Deutschlandpremiere am 22. April 2015
Standing Ovations
Ebenfalls aus Sydney stammt die Gruppe um den Choreografen Shaun Parker (früher lange Jahre Tänzer bei Australian Dance Theatre, Sydney Dance Company, Meredith Monk, Sasha Waltz und anderen), der seit 2010 seine Tänzer für jedes Projekt neu zusammenstellt. Für „Am I“, das im Januar 2014 in Sydney uraufgeführt wurde, sind es zwei Tänzer und fünf Tänzerinnen, darunter die international gefeierte indische Performerin Shantala Shivalingappa, die auch als Erzählerin fungiert. Parker nähert sich seinen Themen auf akribisch wissenschaftliche Art, bevor er sich mit Bewegung und Musik befasst. In diesem Stück geht es ihm darum aufzuzeigen, wie der Aufbau einer neuen Gesellschaft aussehen könnte, oder ob man immer wieder in die altgewohnten Muster der Zivilisation verfällt, ob man sich als Individuum durch Abstammung oder Überzeugung darstellt oder ob die Streitfragen um Glauben, Wissenschaft und Machtstreben sich immer wieder stellen. Das wird von der Erzählerin abschnittsweise teils hoch wissenschaftlich, teils ironisch gebrochen kommentiert, wenn z.B. als Antwort auf die Frage nach dem Überleben das Glauben an „Gott, über Allah, Jahve und viele andere Götter bis zu Zeus, Facebook und Twitter“ aufgezählt wird.

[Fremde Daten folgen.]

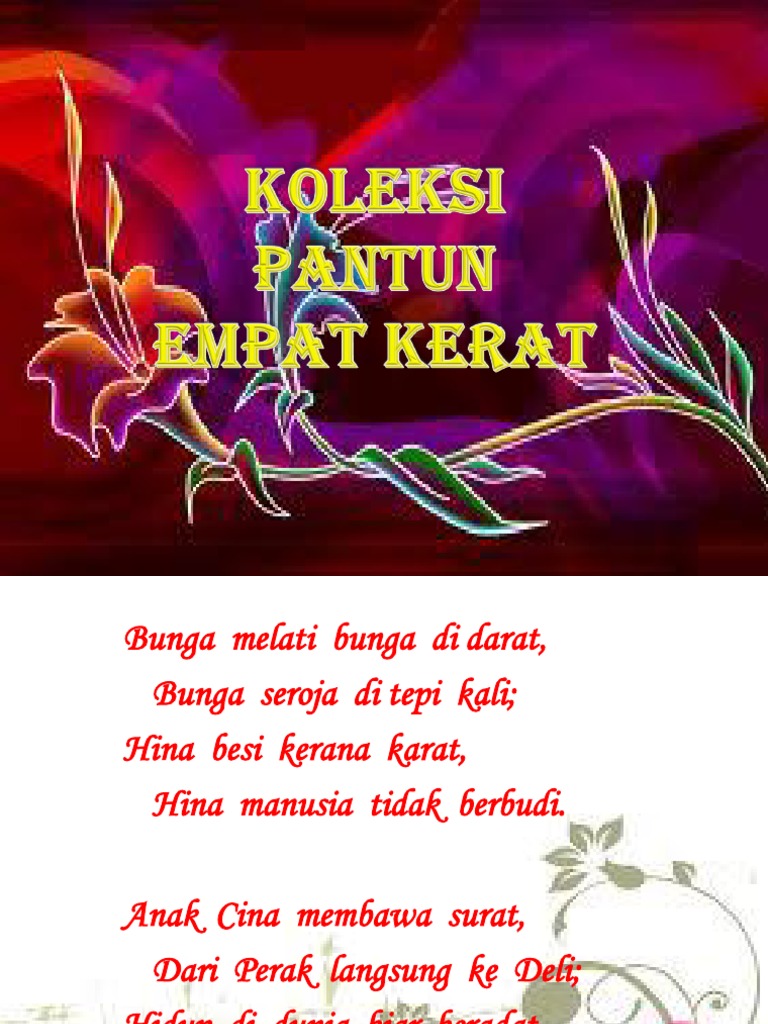 Pembelajaran kali ini berdasarkan aspek seni bahasa yang terdapat dalam bahasa melayu sekolah. Pendidikan juga efektif untuk menghadapi globalisasi. Pulau pandan jauh ke tengah rangkap 2. Selain itu, dengan pantun jenaka diharapkan bisa membuat suasana. Explore tweets about #pantun4kerat on twitter. Contoh pantun 4 kerat free download as word doc (.doc.docx), pdf file (.pdf), text file (.txt) or read online for free. Buah cempedak di luar pagar,ambil galah tolong jolok kan,saya budak baru belajar,kalau salah tolong tunjukkan. Kumpulan contoh pantun jenaka, pantun nasehat, teka teki, agama, pendidikan, cinta, romantis, persahabatan, perpisahan, ulang tahun, anak dll. I'm not being cheesy, just wanna say je t'aime #ciaciacia #pantun4kerat. Pantun yang dibenarkan hanyalah jenis pantun empat kerat, iaitu pantun empat baris yang mempunyai dua baris pembayang dan dua baris maksud. Pantun terdiri atas berbagai macam jenis jika didasarkan pada penyampaian isinya diantaranya ialah pantun jenaka, pantun nasehat dan lain sebagainya. Today is december, yesterday was november, we have gone through it together, and i promise i will remember. Gunung daik bercabang lapan, mana nak sama si gunung lima, adik datang sebab nak makan, kalau tak bagi adik bagi buku lima.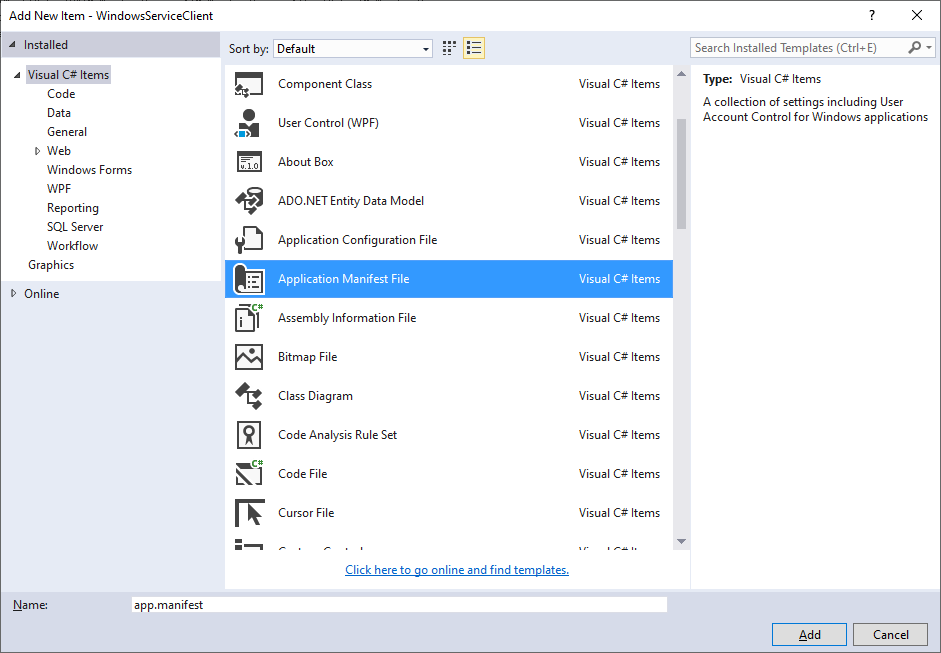 6、由于需要安装服务,故需要使用UAC中Administrator的权限,在项目“WindowsServiceClient”添加“Application Manifest File”并单击确定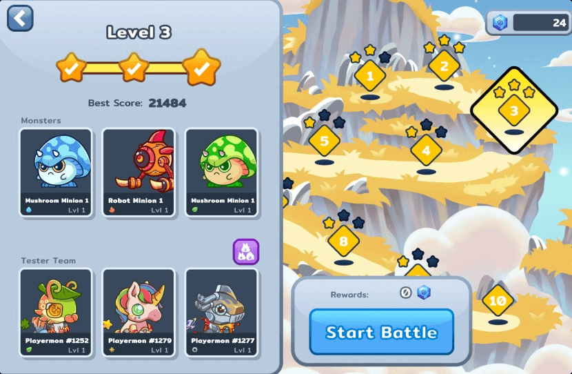 Select a level by clicking on the Level icon, represented as a diamond with a number in the center. After a level is selected you will be able to see your currently selected team of Playermons and the enemy team which you will face in the level.

Zu Beginn der Choreografie standen vor allem auffällige Hand- und Armbewegungen – häufig zackig und eckig ausgeführt – weichen Ganzkörperbewegungen gegenüber. Die Hände mit gespreizten Fingern bildeten immer wieder neue Gruppierungen, fielen auseinander und fanden wieder zusammen. Äußerst beeindruckend war der akrobatisch anmutende Tanz mit Metallstangen in den Händen: Es wurde atemberaubend gewirbelt und verdreht, so dass immer neue Muster entstanden. Schließlich profilierte sich ein Anführer, der mit einem Fächer als eine Art Stammes-Zeichen ebenso elegante Figuren „malte“ wie – geschlossen – zuschlug; alles wirkte besonders ästhetisch. Im rasanten, kämpferischen Schlusstanz konnte die junge Gruppe noch einmal zeigen, was an Beweglichkeit, Exaktheit und Ausdruckskraft in ihr steckt.
Mit Nick Wales stand Parker ein Komponist und Bandleader zur Seite, der durch das verwendete Instrumentarium die Intentionen des Choreografen unterstrich: Da gab es u.a. neben Schlagwerk und Marimba speziell südindische Perkussion, ethnische Blasinstrumente, Baglama (eine Art Mini-Laute), Rebec (Vorläufer der Violine), Mundharmonika und Harmonium. Archaisch-indisch anmutende Gesänge, die einen durchaus beruhigenden Charakter hatten, wechselten mit modernem Beat, der bei den Gruppentänzen die Übereinstimmung vorgab. Das schlichte Bühnenbild mit bis auf wenige grelle Blitze sparsamem Lichtdesign (Damien Cooper, Shaun Parker) schuf eine besondere Stimmung; dazu passten die einfachen schwarzen Trikots (Anna Tregloan) sehr gut.
Das Publikum bedankte sich mit standing ovations bei den Tänzern und Musikern für einen sehr anregenden Tanztheater-Abend.